By the way I'm happy to see that the ~40% speed improvement in removing _get_str_hash is consistent with @jalajthanaki 's profiling timing that showed the function taking 36% and 37.5% of the time, and the builtin hash() isn't adding any time because it was already being called when inserting into the dictionary, (though it was being called on the str_hash itself).
I've also found out that python's list is not actually a linked list but rather an array but with a pre-allocated size and its append happens in O(1).

A quick little update as well (using frequency_dictionary_en_82_765.txt and the optimized code) :

Function gzipped Distance Size (MB) Average time (seconds)
load_dictionary - 2 1.3 MB 3.4
save_picke True 2 8.6 MB 9.5
load_pickle True 2 8.6 MB 1.2
save_picke False 2 26 MB 0.6
load_pickle False 2 26 MB 0.9
load_dictionary - 5 1.3 MB 14.1
save_picke True 5 21 MB 37.8
load_pickle True 5 21 MB 2.35
save_picke False 5 54 MB 1.0
load_pickle False 5 54 MB 1.5

So it looks like the biggest time consumption in loading/saving the pickle is the compression which sounds obvious now that I think about it.
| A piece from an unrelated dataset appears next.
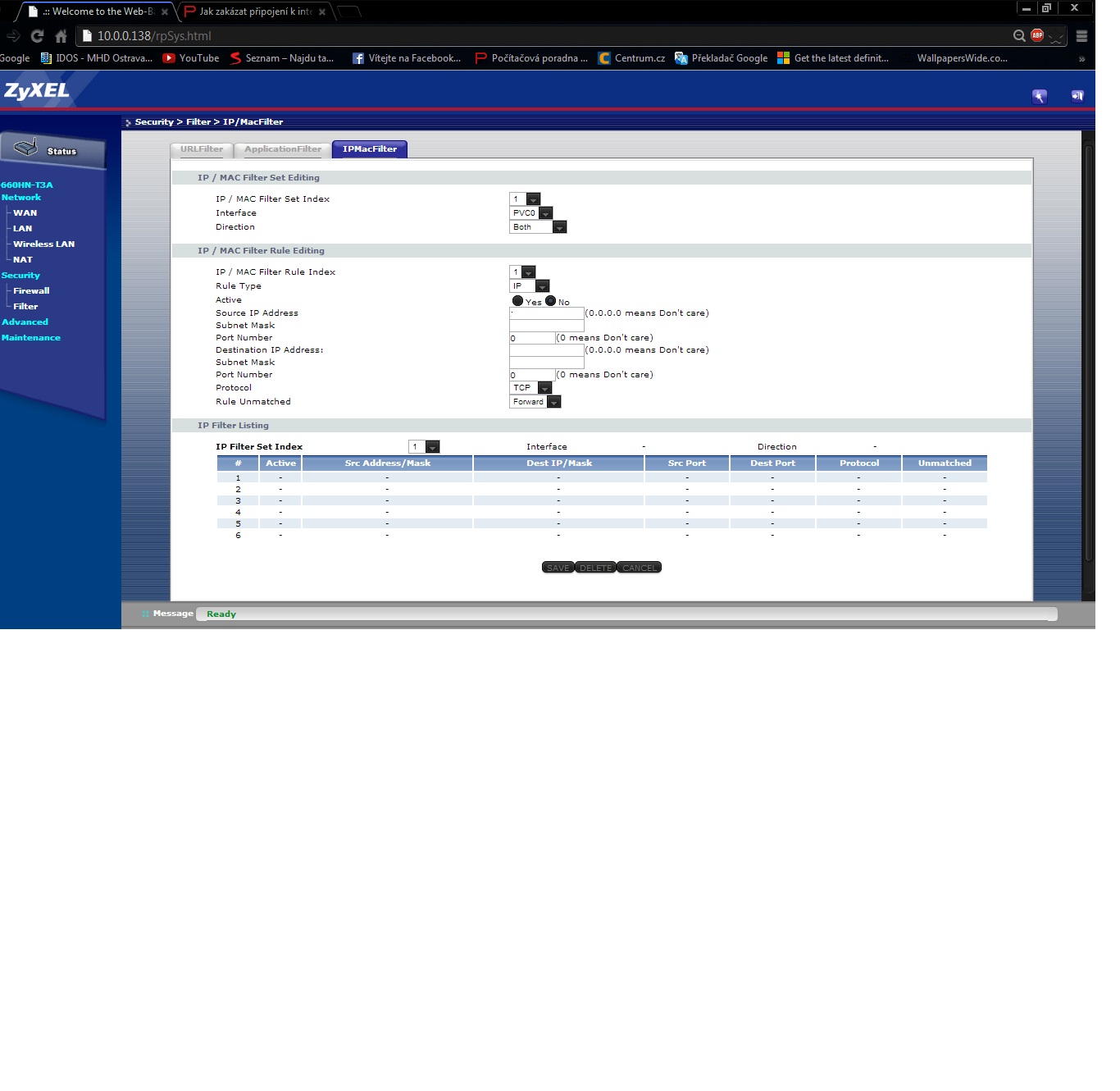 Potřeboval bych vypnout internetové připojení přes router/cmd na té vistě. Nemůžu vypnout připojení tím že vytáhnu kabel nebo vypnu uplně router protože by o tom ten člověk věděl. Ale daná osoba nerozumí věcem jako rychlost připojení a down speed a up speed. Pořád něco stahuje (už mu odešly 3 počítače kvůly tomu) Jenže komu není rady tomu není pomoci. Tím pádem mu pomůžu tak trochu odsuď. Jak tedy mohu zakázat připojení k internetu přes router/cmd. Typ routeru/modemu nejsem si jistý jaky je mezitím rozdíl je Zyxel P-660HN-T3A. Děkuji za každou nápovědu.

I also tested json and it's also taking longer with non-gzipped version (and higher file sizes) when compared to pickle.

Note that the optimized code makes loading/saving the pickle faster too (9.5 vs 14.5s to save, 1.2 vs 1.5s to load) probably because the length of the hash was generally longer than the length of the average word.

For reference, here's another test done with aspell's en_US dictionary which contains 120400 words (more words but smaller file size and faster to load/save) :

Function gzipped Distance Average time (seconds)
load_dictionary - 2 3.0
save_picke True 2 9.3
load_pickle True 2 2.0
save_picke False 2 0.65
load_pickle False 2 1.2
save_json False 2 2.3
load_json False 2 2.2

And for some more timing test, in create_dictionary_entry, if I do :

        edits = self._edits_prefix(key)
        edits = []

The time to load drops from 3.0s to 1.8s, and if I change it to :

        #edits = self._edits_prefix(key)
        edits = []

It drops to 0.13s, which is again more or less consistent with the profiling information of about 20% in both the call to self._edits and in the create_dictionary_entry (where most of the time is spent looping on those edits, inserting them in the dictionary).

So we currently have more than 50% of the new time spent on these 2 lines in create_dictionary_entry

        for delete in edits:
            self._deletes[delete].append(key)

There isn't a lot that we can do to improve those I think. I think there's a better chance at improving the _edits method, but I haven't been able to find the right way to do it.

By the way, if someone has another dictionary to provide (@jalajthanaki you have one with 4M words?) I can test with that as well.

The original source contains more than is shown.